Vic's attempts to stay one step ahead of not only his superior, David Aceveda (who is fully aware of Vic's criminality), but of IAD, various drug lords, gangsters and other criminals, all while trying to be a caring father and family man, are prominent plot devices throughout the series.

====Murdering Terry Crowley====
In the pilot episode, Vic murders the fifth and newest member of his team, Detective Terry Crowley. Crowley had been sent by Captain David Aceveda and the Justice Department to build a Federal case against the Strike Team for colluding with drug lord Rondell Robinson. Vic is secretly warned of this by his friend, Assistant Chief Ben Gilroy. Vic and Shane both agree to murder Crowley for his betrayal and to ensure their freedom. During a raid on the house of drug dealer "Two Time," Vic kills Two Time, but then picks up Two Time's gun and shoots Crowley in the face. Vic and Shane then rig the crime scene evidence, claiming that Two Time stepped out of the bathroom, shot Terry, and was slain by their return fire. This sets in motion events that loom over the Strike Team throughout the series. Shane expresses remorse and guilt in the aftermath of the murder, but Vic remains stoic, though he would later express his own feelings of regret about it. Aceveda is convinced of Mackey's guilt in the murder, but is unable to prove it.
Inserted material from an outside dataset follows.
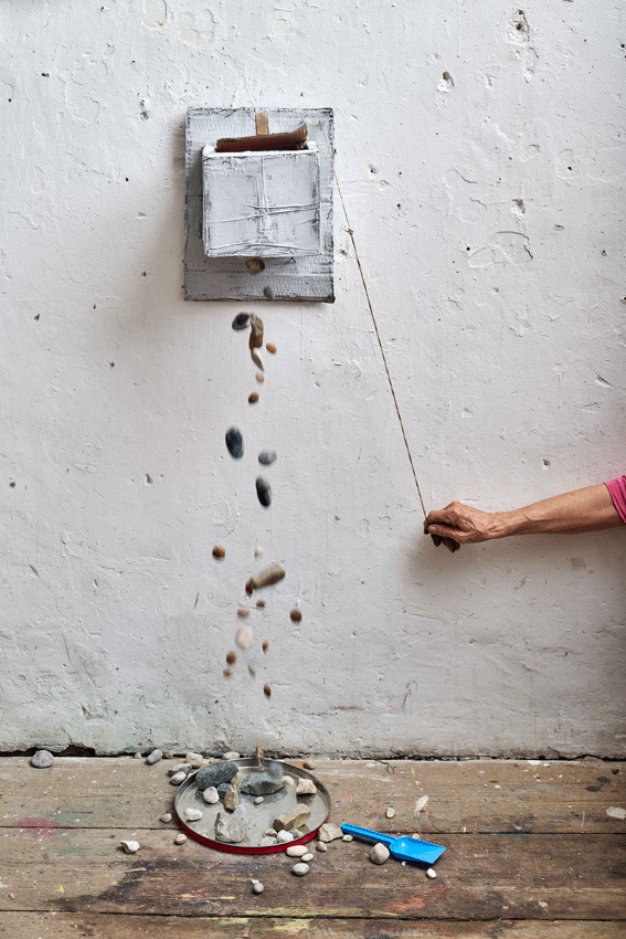 Rosa Maria Krinner, „Afgramd is!“, 34 x 19 x 18 cm, Pappe, Holz, Blech, Farbe, Steine, 2022, Foto: Siegfried Wameser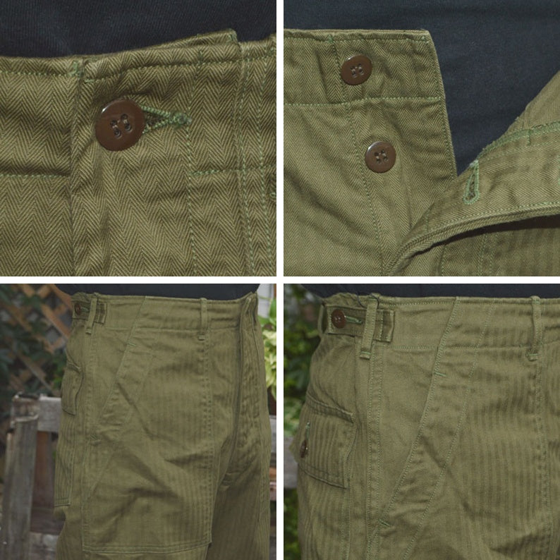 This time, we have reproduced baker pants made of herringbone twill that was adopted by the US military in 1947.

====Robbing the Armenian Mob====
At the conclusion of the second season, Mackey and the Strike Team rob the 'Armenian money train' - a train transporting the bi-yearly illegal profits of the Armenian mob out of Los Angeles. Mackey justifies this crime by stating the money is better off in the Strike Team's pockets, to be spent on their families, than in the hands of the Armenians. Lemansky is the only member of the team to show reluctance at partaking in the robbery, but does so anyway. Like the Crowley murder, the fallout from the money train robbery lingers over the team throughout the series.

During season three, the Armenian mob send a feared hitman, Margos Dezerian, to Los Angeles to retrieve the money train cash. Margos' search begins to point towards Vic and the Strike Team, despite the team framing a low-level hoodlum (who is murdered by Margos) to draw away suspicion. To protect himself and the team, Vic lures Margos to a house and murders him, rigging the crime scene to make it look like self-defence.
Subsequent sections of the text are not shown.